[Home] [Weblog] [The Bibliothecary] [Driving the Quill] [Library][Bookmarks]

Wednesday, August 16, 2006

Chapter One Hundred Thirty-Seven, in which Words are lost in Cyberspace

Well, your Bibliothecary apparently didn't make the cut this month. We submitted some drivel to Estella's Revenge, and though the thoughts were there, the time wasn't spent to turn them into anything of worth. Don't let that stop you from going to read anyway.

In the digital age, words don't end up in a pile on the floor next to the editor's desk. One keystroke, and they are gone. But where do they go? There is much talk about books that never were written, books that should have been written, books that were nearly not written. But what about books, or more basically, words that were written and no longer exist? Is there a place where rejected or banished books go to live, a literary Island of Misfit Toys?

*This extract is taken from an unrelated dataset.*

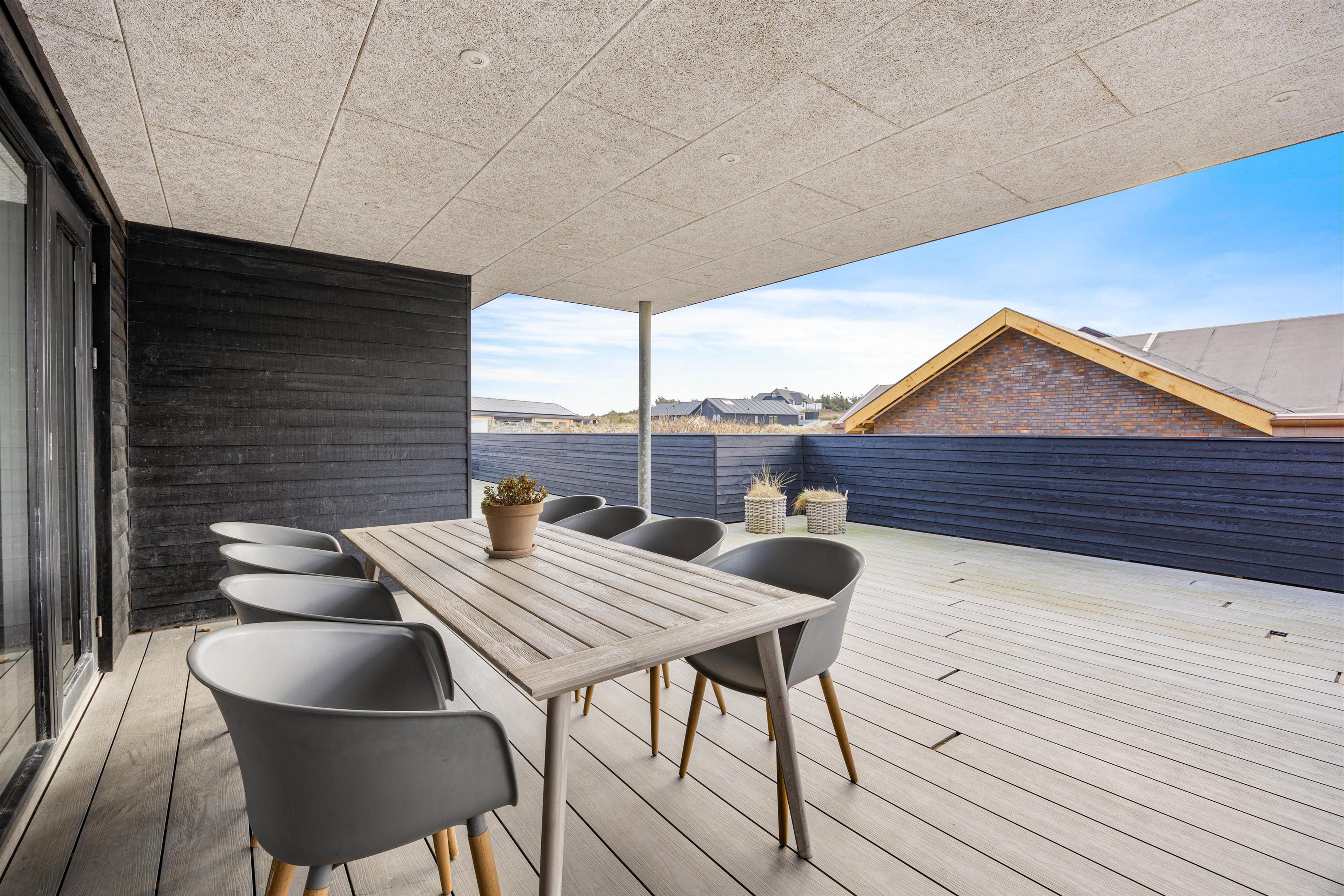 Derudover har sommerhuset en kæmpe terrasse, som er delvist lukket af, så den skærmer for den værste vind. Terrassen er også delvist overdækket, hvis I ønsker skygge fra solen. I har derfor god plads på det store terrasseområde. Til sommerhuset er der selvfølgelig diverse havemøbler, liggestole og en grill, som er oplagt til sommeraftnerne.

As we noted, there were some interesting thoughts behind the effortless production of our drivel, and so we thought to post some of them here, to at least get a little mileage out of our fingers' work. Unfortunately, there is no copy of an outgoing submission, and there is no draft or final product saved anywhere on the massive mainframe at our International Headquarters. Without questioning our editor's judgement, questions arise. Did we even write it? Who cared less for what we wrote, we who did not save it, or my good editor who rejected it? Is there some sort of digital limbo for words that were once written and then deleted? Can words become ghosts and return to haunt us? Some posit that when a living being dies, its energy is returned to the great energy supply of the universe to eventually be put to use somewhere else. In Haroun and the Sea of Stories, Salman Rushdie imagines a pool of words from which all stories are drawn and to which they can also return.

We have written things and then lost them, because of some glich, or perhaps human error. Rewrites never produce the same feeling of accomplishment--we always agonise that something is missing, and we just can't retrieve it. For one fleeting moment the thought or idea flourished, and then was extinguished. If such a loss is tragic, why does the idea of a manuscript, or any work of art, being consigned to flames seem romantic? Novels like The Shadow of the Wind and Farenheit 451 deal with similar questions.

Today we sit down and blog our thoughts and they are quickly disseminated, probably cached by Google forever, and, comments or not, undoubtedly read by at least one other soul. Try to imagine an ancient time when computers and the internet did not exist, and the countless words people commited to paper, in letters and journals, which were hidden in a drawer and then consigned to a landfill when those people died, forever unread.